__ASSIGNMENT__: Copy out the lines of the records below, and only those lines, from the one with "Wybierając zawód warto" through the one with "船橋市地方卸売市場管理棟建替工事 船橋市立旭中学校給食棟増築工事", exactly as they appear.

__RECORD SET__:

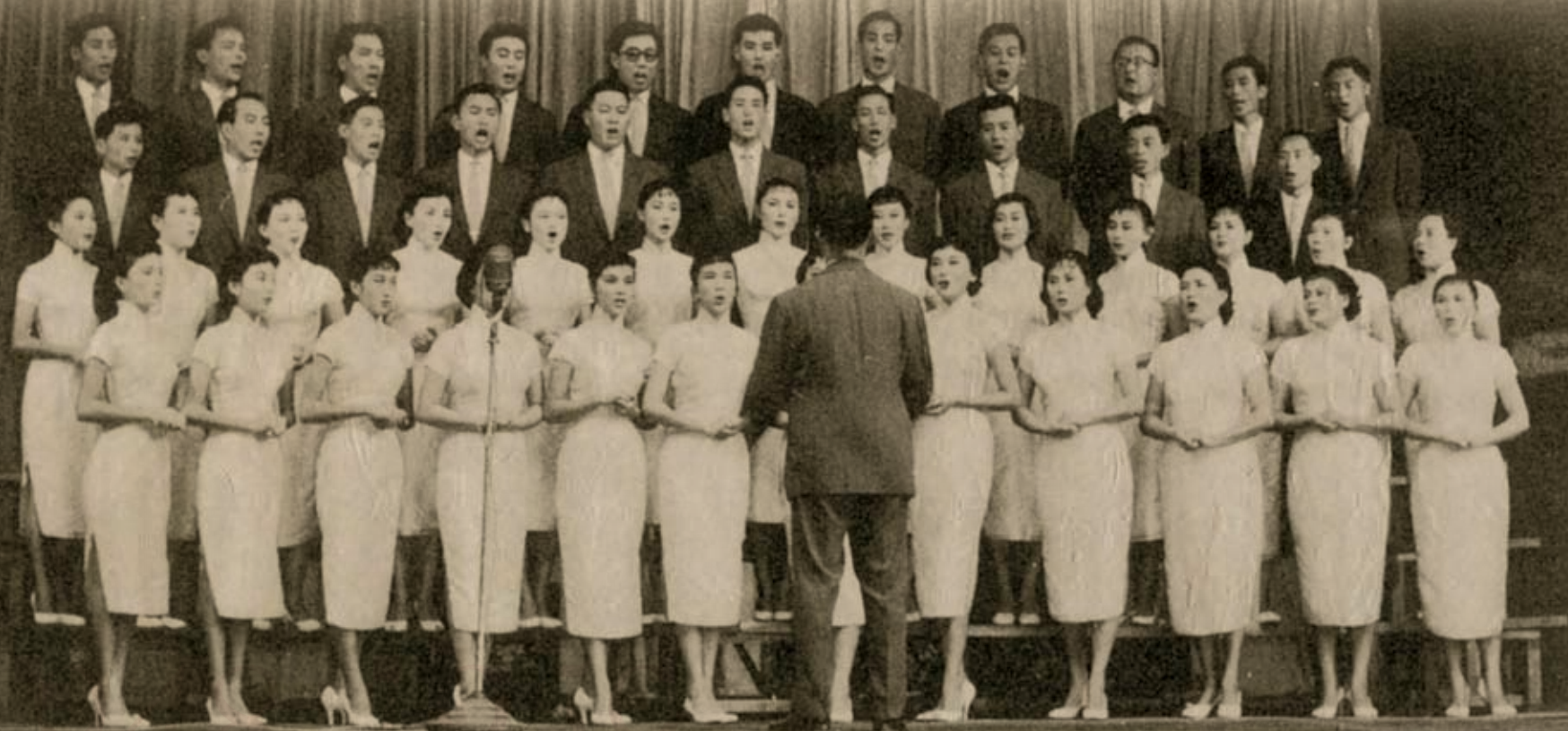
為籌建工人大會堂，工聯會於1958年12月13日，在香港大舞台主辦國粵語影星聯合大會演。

--

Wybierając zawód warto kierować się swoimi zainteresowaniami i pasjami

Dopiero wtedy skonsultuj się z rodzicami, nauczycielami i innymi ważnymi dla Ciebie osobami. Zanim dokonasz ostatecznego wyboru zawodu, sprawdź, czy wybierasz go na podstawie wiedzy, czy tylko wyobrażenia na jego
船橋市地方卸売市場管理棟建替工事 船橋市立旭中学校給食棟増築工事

__PROBLEM SOLUTION__:
Wybierając zawód warto kierować się swoimi zainteresowaniami i pasjami

Dopiero wtedy skonsultuj się z rodzicami, nauczycielami i innymi ważnymi dla Ciebie osobami. Zanim dokonasz ostatecznego wyboru zawodu, sprawdź, czy wybierasz go na podstawie wiedzy, czy tylko wyobrażenia na jego
船橋市地方卸売市場管理棟建替工事 船橋市立旭中学校給食棟増築工事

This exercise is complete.